3.4. Effect of miR‐193a/b‐3p overexpression on apoptosis and cell cycle of human HSCs LX‐2

As illustrated in Figure 4A and B, overexpression of miR‐193a/b‐3p significantly induced apoptosis of LX‐2 cells as demonstrated by raising the percentage of TUNEL‐positive LX‐2 cells. The mRNA and protein expressions of CAPRIN1 were evidently inhibited by transfection of miR‐193a/b‐3p mimics, while promoted by miR‐193a/b‐3p inhibitor (Figure 4C‐F). Moreover, the protein levels of cell cycle‐related proteins Cyclin D1, Cyclin E1 and p‐Rb^s807 were reduced by miR‐193a/b‐3p overexpression in LX‐2 cells. As shown in Figure 4G‐I, the ability of miR‐193a‐3p or miR‐193b‐3p in binding with CAPRIN1 was evaluated by dual‐luciferase report system. The results showed that in WT CAPRIN1+miR‐193a‐3p or miR‐193b‐3p group, the relative luciferase activity was significantly decreased. There was no difference between MUT CAPRIN1+NC and MUT CAPRIN1+miR‐193a‐3p or miR‐193b‐3p groups (Figure 4J‐L).

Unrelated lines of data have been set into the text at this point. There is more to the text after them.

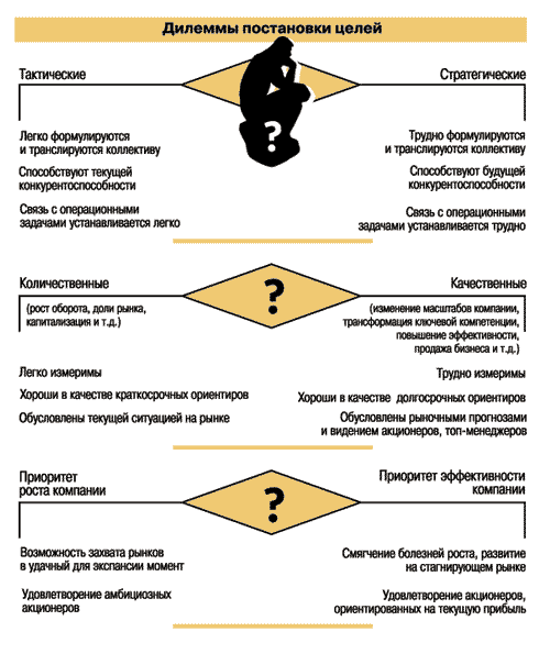 Таким образом, кризис целей, который мы упомянули, можно считать кризисом взросления бизнеса, то есть позитивным явлением. Руководители фирм прощаются с иллюзиями, откладывая бесполезные стратегические документы, и пытаются заново сформулировать свои задачи, зачастую пока в голове, без фиксации в меморандумах. Еще важнее, что компании постепенно осознают: необходимо обеспечить связь между стратегическими целями, тактическими среднесрочными задачами, годовыми целями всей компании и работой каждого сотрудника. Попутно надо разрешить ряд дилемм, которые неизбежно возникают в процессе постановки целей, и речь о них пойдет дальше.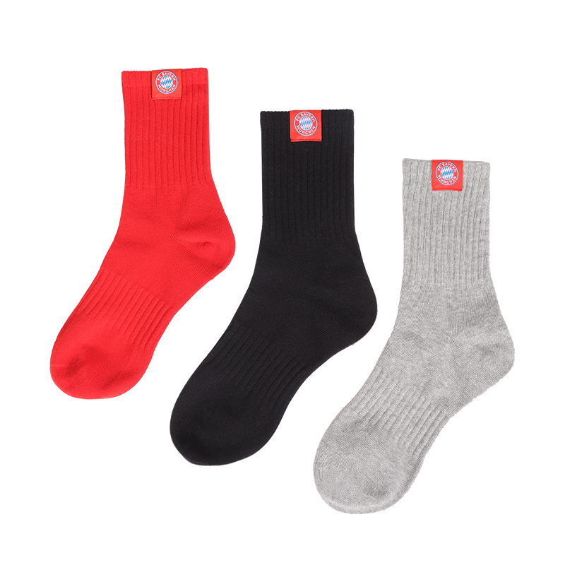 拜仁慕尼黑足球俱乐部 | 纯色字母针织袜休闲日常袜子 黑红灰三色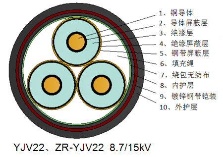 本产品适用于工频额定电压8.7/15kV及以下配电网或工业装置中固定敷设之用。可敷设于室内、隧道、电缆沟及地下直埋敷设。
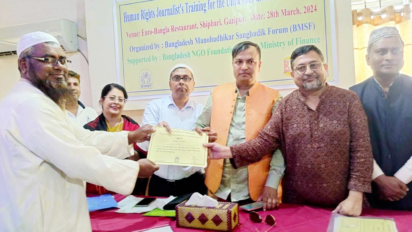 গাজীপুরের বাংলাদেশ মানবাধিকার সাংবাদিক ফোরামের (বিএমএসএফ) উদ্যোগে ও বাংলাদেশ এনজিও ফাউন্ডেশনের সহায়তায় মানবাধিকার সাংবাদিকতা বিষয়ক প্রশিক্ষণ কর্মশালা অনুষ্ঠিত হয়। বৃহস্পতিবার সকাল ১১ টা থেকে বিকেল ৪টা পর্যন্ত গাজীপুর মহানগরের শিববাড়ি এলাকার ইউরো-বাংলা রেস্টুরেন্টে এ প্রশিক্ষণ কর্মশালা অনুষ্ঠিত হয়।গাজীপুর সাংবাদিক ইউনিয়নের সাধারণ সম্পাদক এম এ সালাম শান্ত’র সঞ্চালনায় ও ইউনিয়নের সভাপতি আতাউর রহমানের সভাপতিত্বে অনুষ্ঠানে প্রধান অতিথি হিসেবে বক্তব্য রাখেন-গাজীপুরের অতিরিক্ত পুলিশ সুপার রবিউল ইসলাম বিশেষ অতিথি হিসেবে উপস্থিত ছিলেন- বাংলাদেশ ফেডারেল সাংবাদিক ইউনিয়নের কোষাধ্যক্ষ খায়রুজ্জামান কামাল, জাতীয় প্রেসক্লাবের ব্যবস্থাপনা কমিটির সদস্য শাহনাজ বেগম পলি। উপস্থিত ছিলেন-গাজীপুর সাংবাদিক ইউনিয়নের সহ-সভাপতি মোহাম্মদ আলমগীর হোসেন,সাংগঠনিক সম্পাদক মোহাম্মদ আলী ভূঁইয়া, কালীগঞ্জ ইউনিট চিফ আব্দুল গাফফারসহ
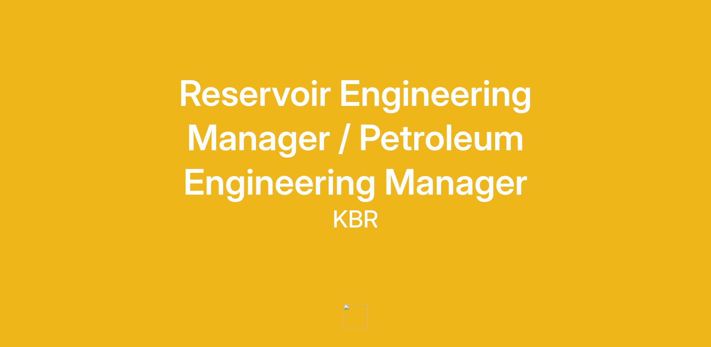 Reservoir Engineering Manager / Petroleum Engineering Manager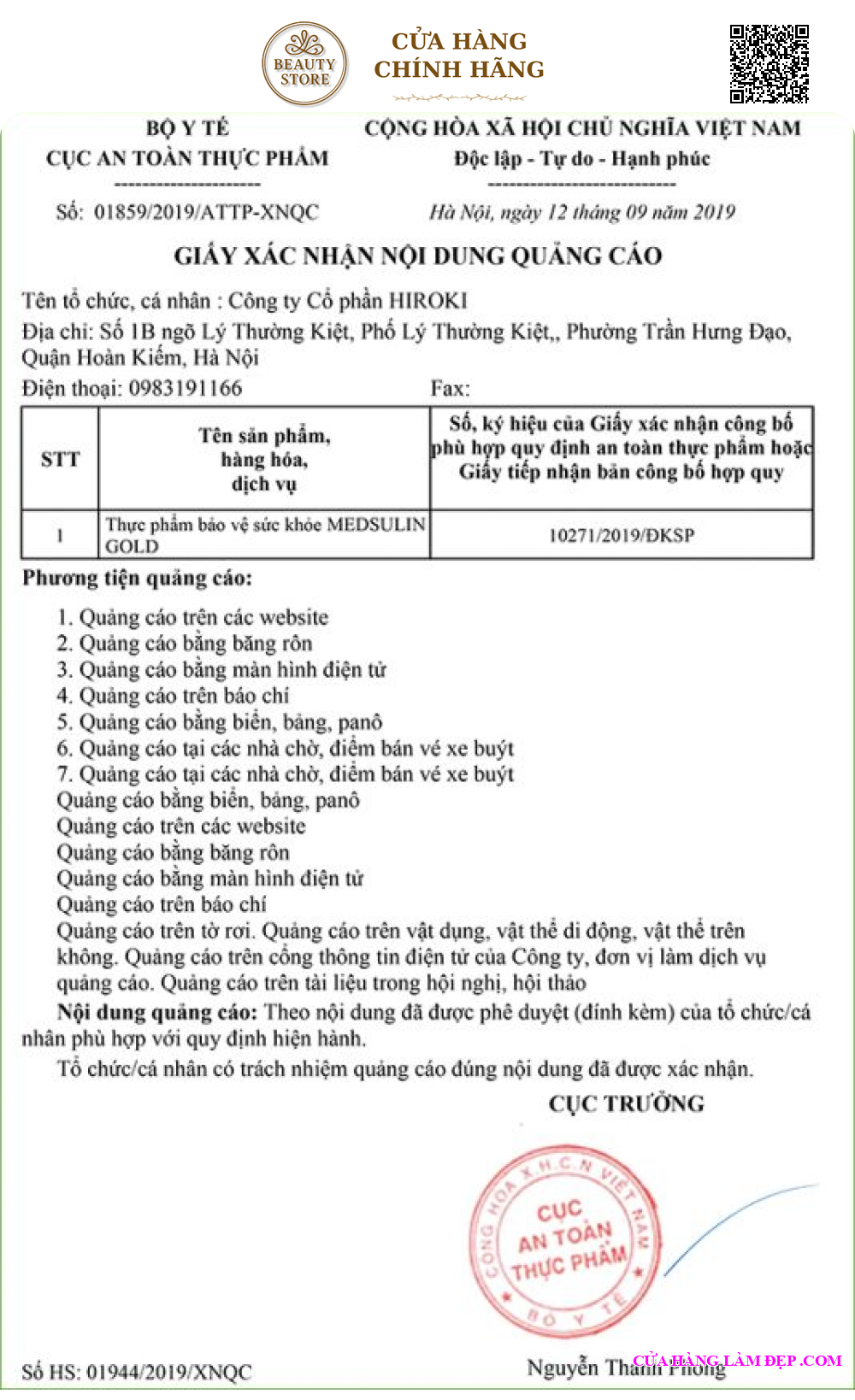 . Sản phẩm chính hãng 100%, hàng hoá có nguồn gốc xuất xứ rõ ràng, đầy đủ hóa đơn VAT, tem nhãn mác bill nhập, giấy công bố sản phẩm, giấy phép quảng cáo, giấy chứng nhận phân phối sản phẩm…

Effect of miR‐193a/b‐3p on apoptosis and cell cycle of human hepatic stellate cells LX‐2. (A,B) Apoptosis of LX‐2 cells were detected by Terminal‐deoxynucleotidyl transferase‐mediated nick end labelling (TUNEL) (200×) and the percentage of TUNEL‐positive cells was shown. Scale bar is 100 μm. (C,D) The mRNA expression of CAPRIN1 in LX‐2 cells was evaluated by RT‐PCR. The protein levels of CAPRIN1 (E,F), Cyclin D1 (G), Cyclin E1 (H) and p‐RbS807 (I) in LX‐2 cells were assessed by western blot analysis. J, The wild‐type (WT) and mutant (MUT) binding sites of the CAPRIN1 3′‐UTR to miR‐193a/b‐3p were cloned into the pmirGLO vector. The direct binding of miR‐193a‐3p (K) or miR‐193b‐3p (L) with CAPRIN1 was determined by dual‐luciferase report system. All data were expressed as mean ± SD (n = 3). *P < 0.05, ***P < 0.001 vs the indicated group

3.5. Overexpression of miR‐193a/b‐3p repressed the activation of human HSCs LX‐2 via targeting TGF‐β2

To induce the activation of HSCs, LX‐2 cells were treated with TGF‐β1, or activin A, or combination of TGF‐β1 and activin A. As presented in Figure 5A and B, the mRNA expressions of COL1A1 and α‐SMA in LX‐2 cells were raised after treatment with TGF‐β1 or activin A, which were further promoted by combination of TGF‐β1 and activin A. So, we chose to induce the activation of LX‐2 cells by combination treatment with TGF‐β1 and activin A. As shown in Figure 5C, the mRNA expression of TGF‐β2 was promoted by co‐treatment with TGF‐β1 and activin A in LX‐2 cells, which could be inhibited by miR‐193a/b‐3p mimics. Moreover, TGF‐β1 and activin A‐induced increase in protein levels of TGF‐β2, COL1A1, α‐SMA, p‐Smad2 and p‐Smad3 in LX‐2 cells was restrained by overexpression of miR‐193a/b‐3p (Figure 5D‐I). As shown in Figure 5J‐L, the relative luciferase activity of LX‐2 cells was decreased by transfection with miR‐193a‐3p or miR‐193b‐3p in the WT TGF‐β2 groups, but not in the MUT TGF‐β2 groups. These results indicated that TGF‐β2 is the target gene of miR‐193a/b‐3p.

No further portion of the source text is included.